Aber da ist ja noch die Erfahrung. Zum Glück, so meinst du nun sicher, kannst du dich wenigstens auf dein Gedächtnis verlassen! – Aber denkste: Glaubst du wirklich, was du schon mal erlebt und in deinem Gedächtnis abgelegt hast, könntest du immer wieder im Original abrufen? Ohne dass vom Algorithmus daran herummanipuliert wird? Leider nicht. Bereits beim Abspeichern wird massiv gefiltert: Nur was deinem Algorithmus wirklich wichtig erscheint, wird ins Archiv verfrachtet. Etwas Beiläufiges ist es nicht wert, abgespeichert zu werden, umso mehr aber Vorgänge, die dich persönlich oder unmittelbar stark betreffen. Diese Highlights gelangen besonders nachhaltig in dein Archiv. Ein heftiges Schockerlebnis wiederum setzt dich unter so starken Stress, dass davon nur die gröbsten Basics eingelagert werden. – Dann kannst du dich einfach nicht an Einzelheiten erinnern.

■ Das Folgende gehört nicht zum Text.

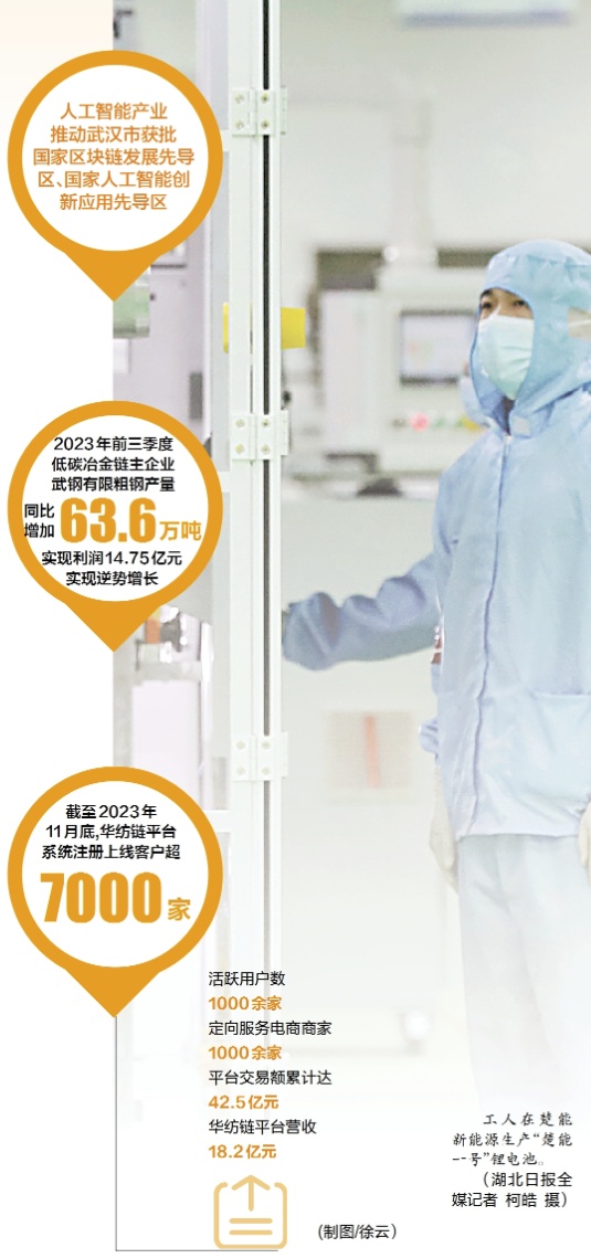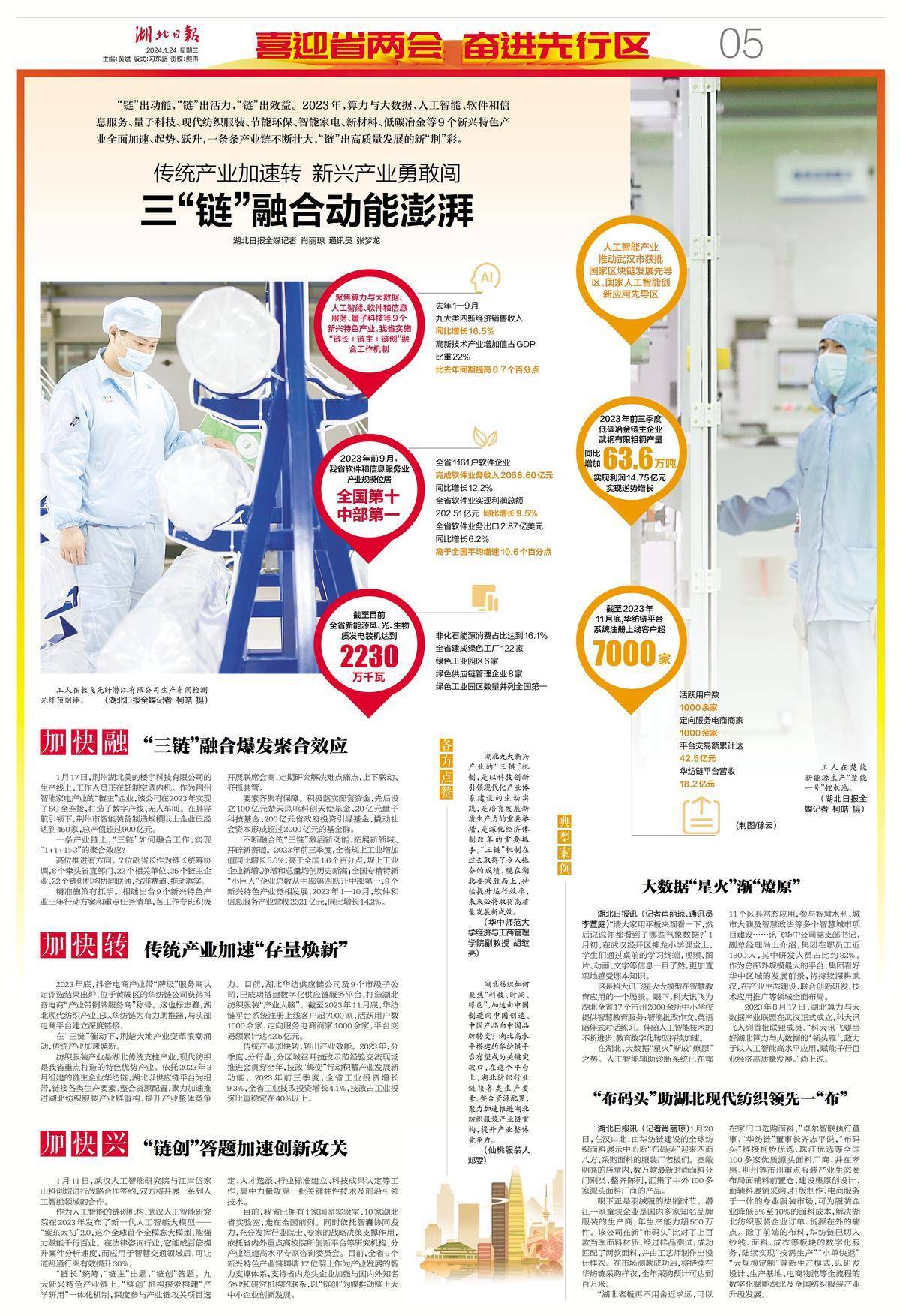 “链”出动能,“链”出活力,“链”出效益。2023年,算力与大数据、人工智能、软件和信息服务、量子科技、现代纺织服装、节能环保、智能家电、新材料、低碳冶金等9个新兴特色产业全面加速、起势、跃升,一条条产业链不断壮大,“链”出高质量发展的新“荆”彩。

Deine Erfahrungen sind in deine neuronalen Netze eingebettet – gut untergebracht sind sie da nicht. Nur selten oder gar nicht aufgerufen, gehen vor allem die Details mit der Zeit verloren. Permanente Speicherung kostet zu viel Energie und es ist nicht effizient, unwichtige Daten zu erhalten, eine grobe Übersicht über Vergangenes muss genügen. Es sind sowieso immer nur Bruchstücke deiner realen Erfahrungen im Speicher, die bei jedem Abruf wieder irgendwie zu einer dir selbst plausibel erscheinenden Szenerie rekonstruiert werden müssen.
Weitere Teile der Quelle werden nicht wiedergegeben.